Intel’s Jones Farm Campus in Hillsboro, Ore., July 8, 2025. Commerce Secretary Howard Lutnick confirmed in a CNBC interview that the government is seeking an equity stake in chipmaker Intel in exchange for CHIPS Act funding that Congress approved in 2022.
Morgan Barnaby / OPB
The Trump administration is considering taking a stake in Oregon’s largest private employer before sending already promised federal funding.
Commerce Secretary Howard Lutnick confirmed in a CNBC interview that the government is seeking an equity stake in chipmaker Intel. Lutnick said it would be a requirement for receiving CHIPS Act funding that Congress approved in 2022.
“It’s not governance,” Lutnick told the financial network. “We’re just converting what was a grant under Biden into equity for the Trump administration, for the American people. Nonvoting.”

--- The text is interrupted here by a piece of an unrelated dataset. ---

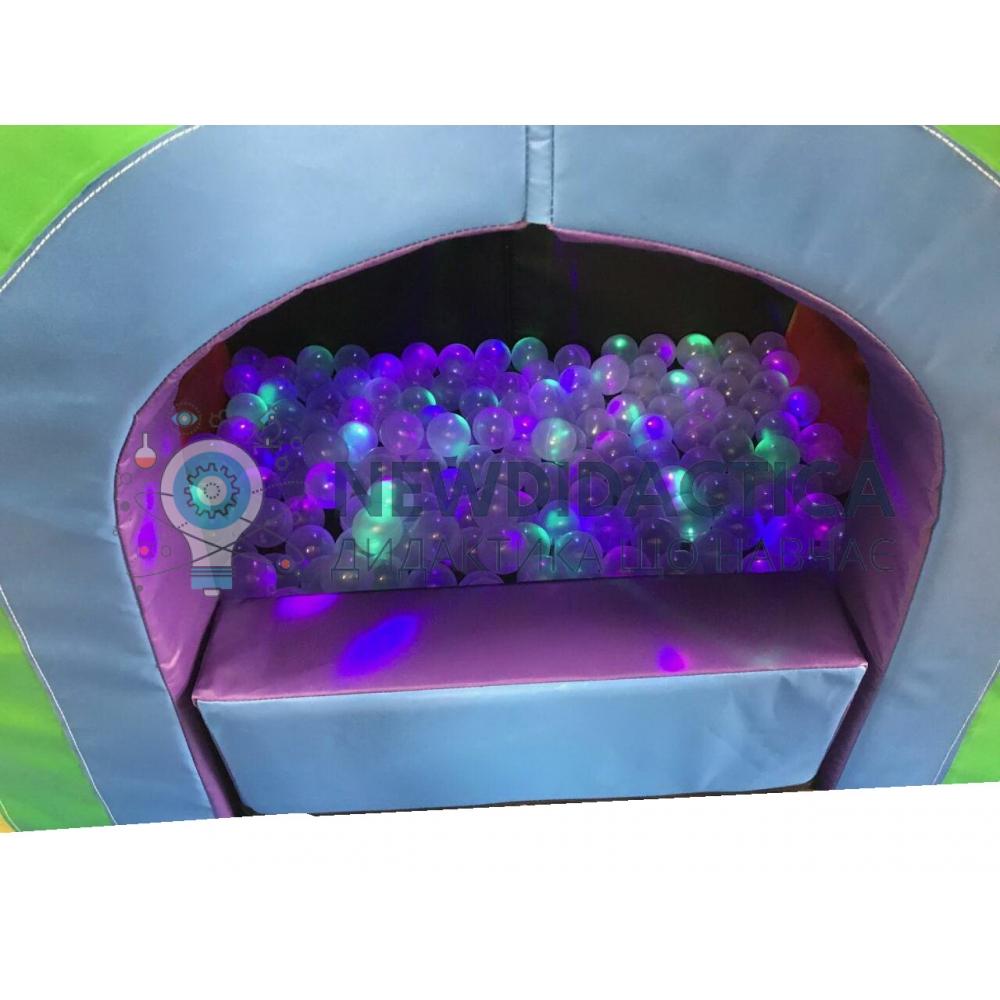 Опис: являє собою арочну конструкцію, виготовлену за типом печери або палатки з розміщеними всередині блоками-лавочками для сидіння, відпочинку, ігор дітей. У верхню частину корпусу вмонтовано світлодіодне освітлення, яке застосовується до світлотерапії. Всередину печери засипаються кульки для тактильної терапії. Можна використовувати так само в розібраному вигляді.

A company spokesperson declined OPB’s request for comment.
Last year, the Biden administration awarded Intel $1.8 billion to upgrade parts of its campus in Hillsboro. The company considers its Hillsboro facilities as the heart of its research and development for semiconductors and other Intel technology products. The company employs around 18,000 people in Oregon.
Intel was awarded a total of nearly $8 billion from the CHIPS Act. The legislation is meant to spark domestic production of the computer chips powering electronics that have become critical to daily life. The money was expected to go to efforts in Arizona, Ohio and Oregon to bolster the chipmaker’s manufacturing in the U.S.
Recently Intel CEO Lip-Bu Tan has said those plans will have to slow down as the company works to trim costs. Intel has lost ground to other major chipmakers in the fields of artificial intelligence and smartphones.
The Trump administration’s effort to acquire a stake in Intel drew immediate condemnation from the senior member of Oregon’s congressional delegation, Sen. Ron Wyden, a Democrat.
“This is nothing more than corporate extortion from Donald Trump and his cabinet of bobbleheads acting more like a mob family squeezing out protection money than an administration working in our economy’s best interests,” Wyden said in a statement in which he noted his support for the CHIPS Act as a way to bolster the American tech sector.
“The last thing any U.S. company needs right now on top of Trump’s chaotic tariff rollercoaster is to have its business future steered by this man who’s much more familiar with casino bankruptcies than in sound business decisions,” Wyden continued.
Trump’s move will hurt the U.S.’s ability to regain dominance in the semiconductor industry, according to Oregon Sen. Jeff Merkley, also a Democrat.
“This latest scheme is nothing more than an attempt to distract from Trump’s chaotic tariff and trade policies that are hurting American businesses and consumers and causing chaos in the market,” Merkley said in a statement.
The comments from the commerce secretary are the latest in a back and forth between top federal officials and Intel.
Earlier this month, President Trump accused Tan of being “highly conflicted.” Tan responded in a public letter to company employees, noting that Intel was investing in U.S. facilities in ways that will benefit the American economy.
Editor’s note: This story was updated with a statement from Sen. Jeff Merkley on Aug. 22.